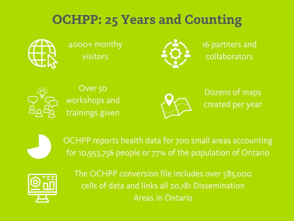 Celebrating 25 years: The Ontario Community Health Profiles Partnership (OCHPP) project celebrated 25 years on November 17, 2023. Thank you to all of our Partners and Colleagues at MAP Centre for Urban Health Solutions and Unity Health Toronto who helped us celebrate a wonderful in-person event! OCHPP by numbers.
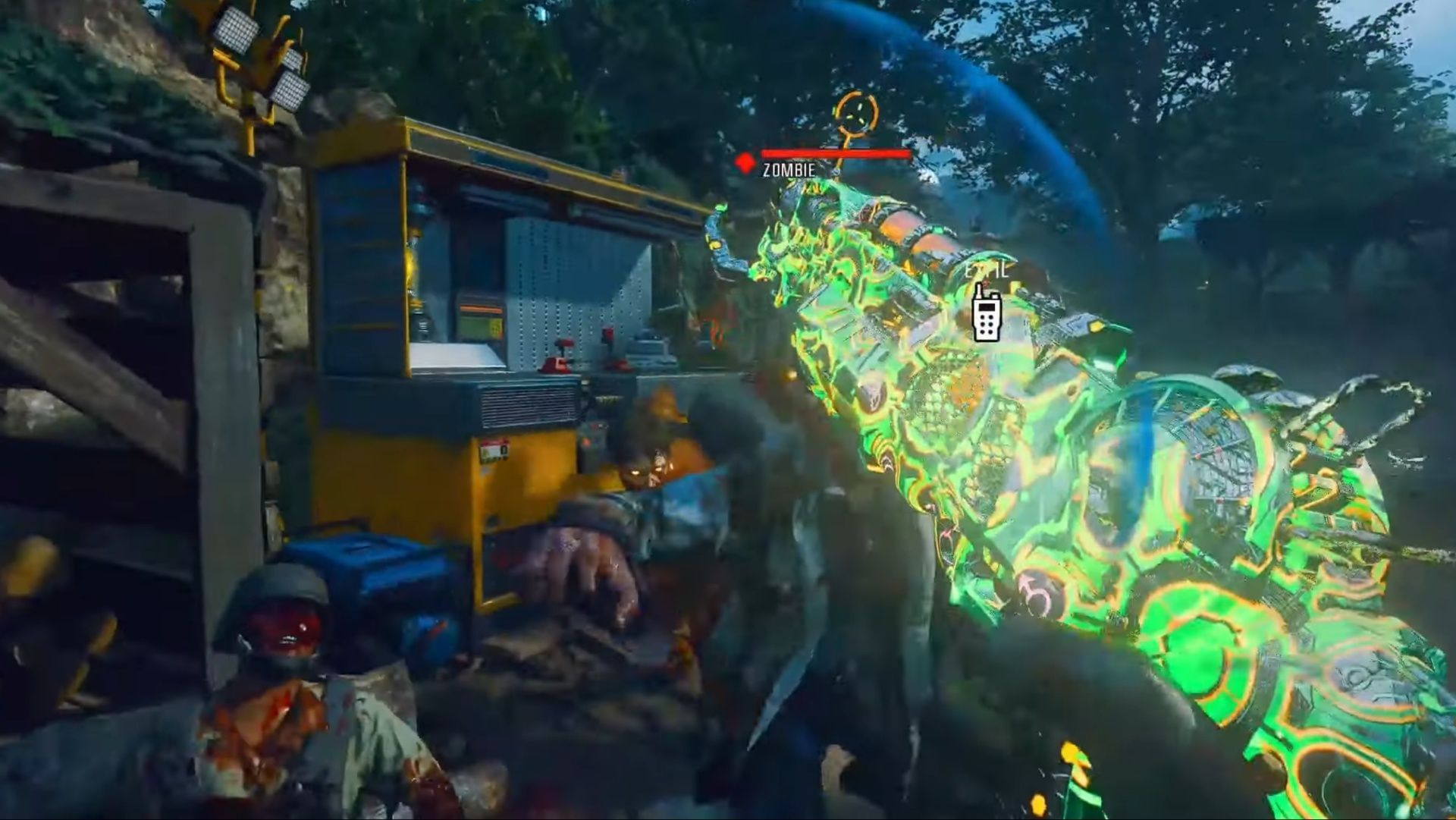 - Multiple zombies will spawn. Use the Ray Gun Mark II-R (yellow variant) to eliminate them.
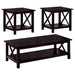 This 3-piece occasional table set includes a coffee table and two end tables, ideal for a living room or lounge. Constructed from hardwood, engineered wood, and rubberwood veneer, this set showcases a rich dark merlot finish. Each piece is designed with a lower shelf for extra storage space, while the X-shaped accents on the sides add a touch of visual appeal. This coffee table set is a perfect combination of form and function for your home.
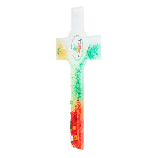 Crucifijo De Vidrio De Murano Del Jubileo 2025 Con Tonalidades Verdes, Rojas y Doradas
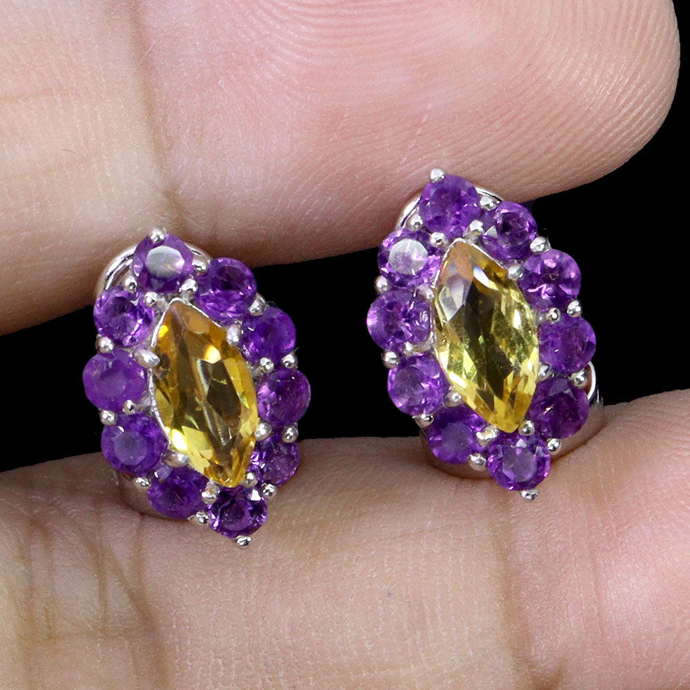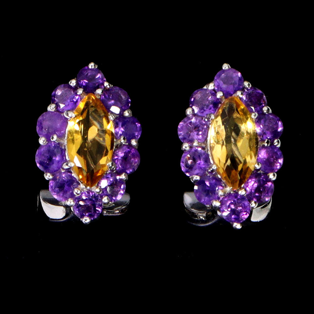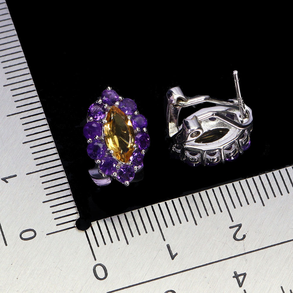 925 Sterling Silver Earrings Marquise Citrine Amethyst Natural Gemstone Jewelry
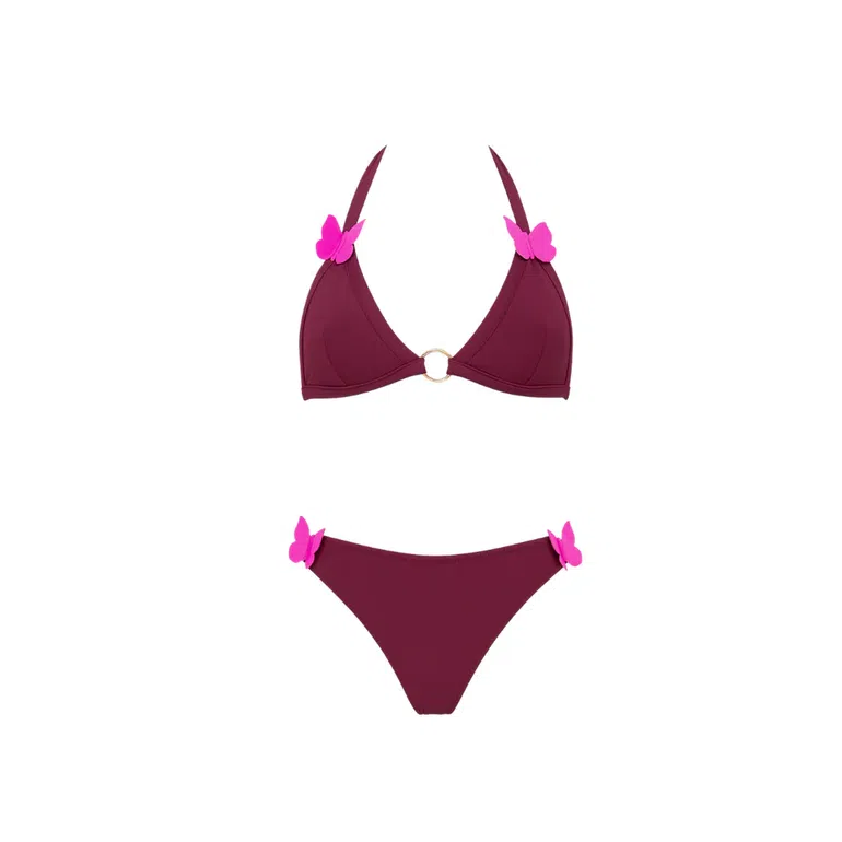 Sculpted in rich wine-toned double-stretch fabric and finished with fluttery hand-appliquéd butterflies, this bikini is part swimwear, part statement. It’s tailored for the poolside or beachfront; the gold ring hardware and quick-dry fabric make it both glamorous and functional. The sculpted fit flatters every curve while still keeping things tasteful.
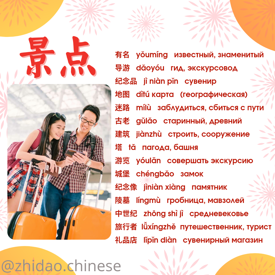 #zhidao_подборка_слов Ставьте лайк, пишите "буду учить", и мы отправим подбор карточек Quizlet для изучения новых слов 💪🏻 В Quizlet вы также можете услышать произношение каждого слова! Тема: Достопримечательности (景点 jǐngdiǎn) 🧳 🔸有名 yǒumíng известный, знаменитый 🔸导游 dǎoyóu гид, экскурсовод 🔸纪念品 jì niàn pǐn сувенир, подарок (на память 🔸地图 dìtú карта (географическая) 🔸迷路 mílù заблудиться, сбиться с пути 🔸古老 gǔlǎo старинный, древний 🔸建筑 jiànzhù строить, сооружение, здание 🔸塔 tǎ пагода, башня 🔸游览 yóulǎn совершать экскурсию, осматривать (достопримечательности) 🔸城堡 chéngbǎo замок, бастион, укрепление 🔸纪念像 jìniàn xiàng памятник 🔸陵墓 língmù гробница, усыпальница, мавзолей 🔸中世纪 zhōng shì jì средневековье, средние века 🔸旅行者 lǚxíngzhě путешественник, турист 🔸礼品店 lǐpǐn diàn сувенирный магазин 📚 Хотите, чтобы Вы или Ваш ребенок заговорили на китайском? Напишите нам для записи на групповые / индивидуальные занятия! 🎓
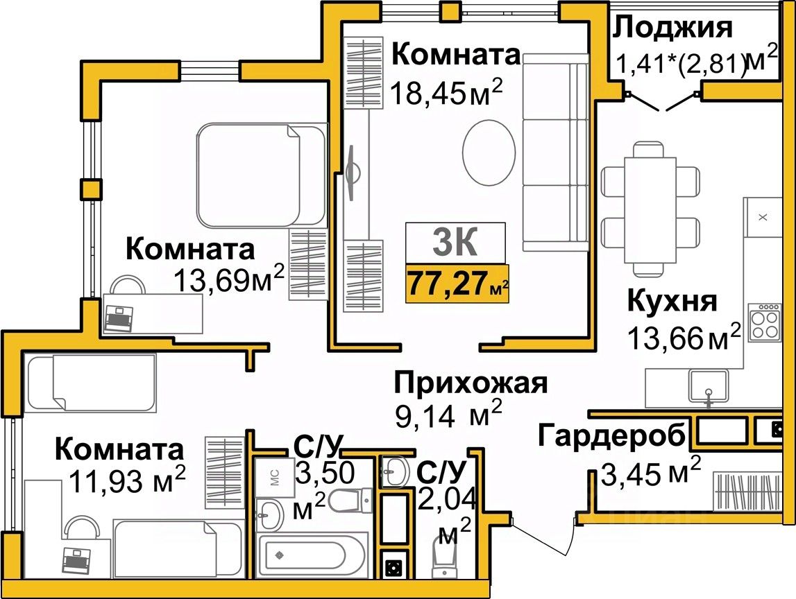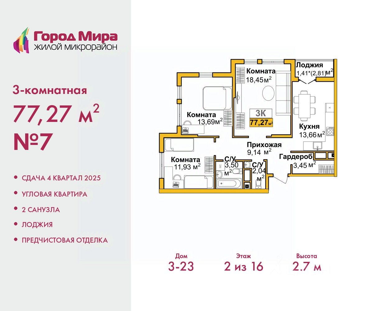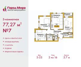 3-комн. квартира от застройщика с предчистовой отделкой в ЖМ "Город Мира" на 2 этаже. Общая площадь: 77.27 кв.м., жилая: 44.07 кв.м., площадь просторной кухни-столовой: 13.66 кв.м. Угловая квартира, очень светлая, естественная вентиляция при открытии окон. В квартире одна лоджия, один совмещенный и один раздельный санузел. Высота потолков 2.7 м.
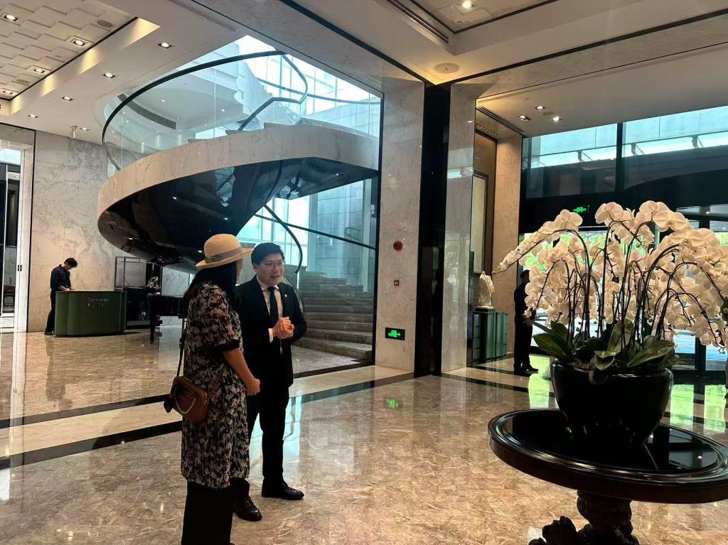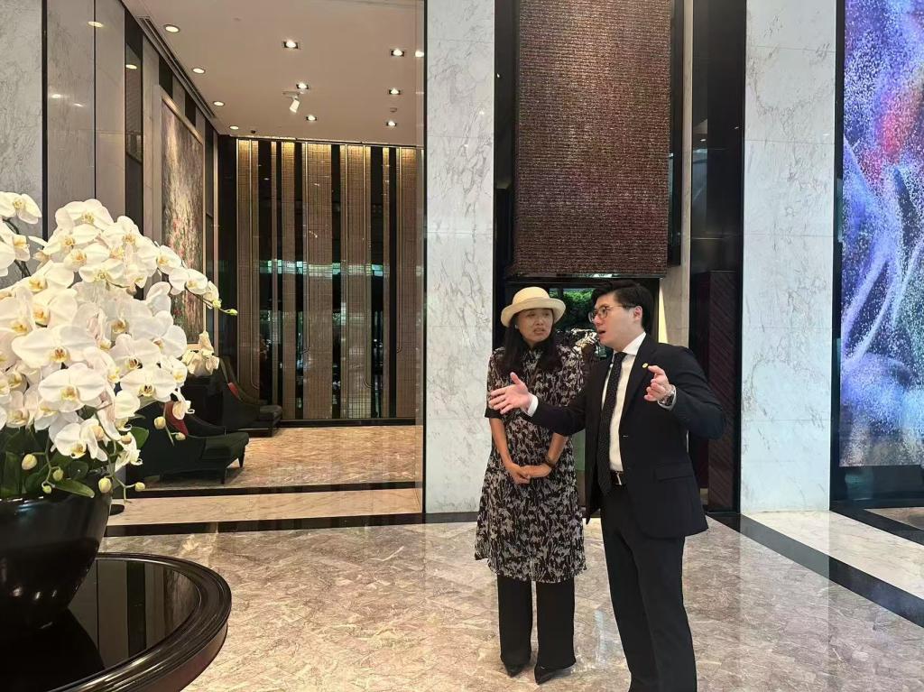随后,继红主任前往上海二十一世纪酒店有限公司进行实地考察。 她重点参观了酒店的主要运营区域,详细了解了酒店为实习生提供的具体岗位设置、工作职责、技能要求以及相应的薪酬福利待遇体系,并与企业相关负责人就实习生管理、培养模式等进行了初步沟通。
────────────────
## What you have to do:
Your answer should contain only the lines from the beginning of the listing above through the line with "- Multiple zombies", copied exactly and without the pictures.

## Solution to this exercise:
 Celebrating 25 years: The Ontario Community Health Profiles Partnership (OCHPP) project celebrated 25 years on November 17, 2023. Thank you to all of our Partners and Colleagues at MAP Centre for Urban Health Solutions and Unity Health Toronto who helped us celebrate a wonderful in-person event! OCHPP by numbers.
 - Multiple zombies will spawn. Use the Ray Gun Mark II-R (yellow variant) to eliminate them.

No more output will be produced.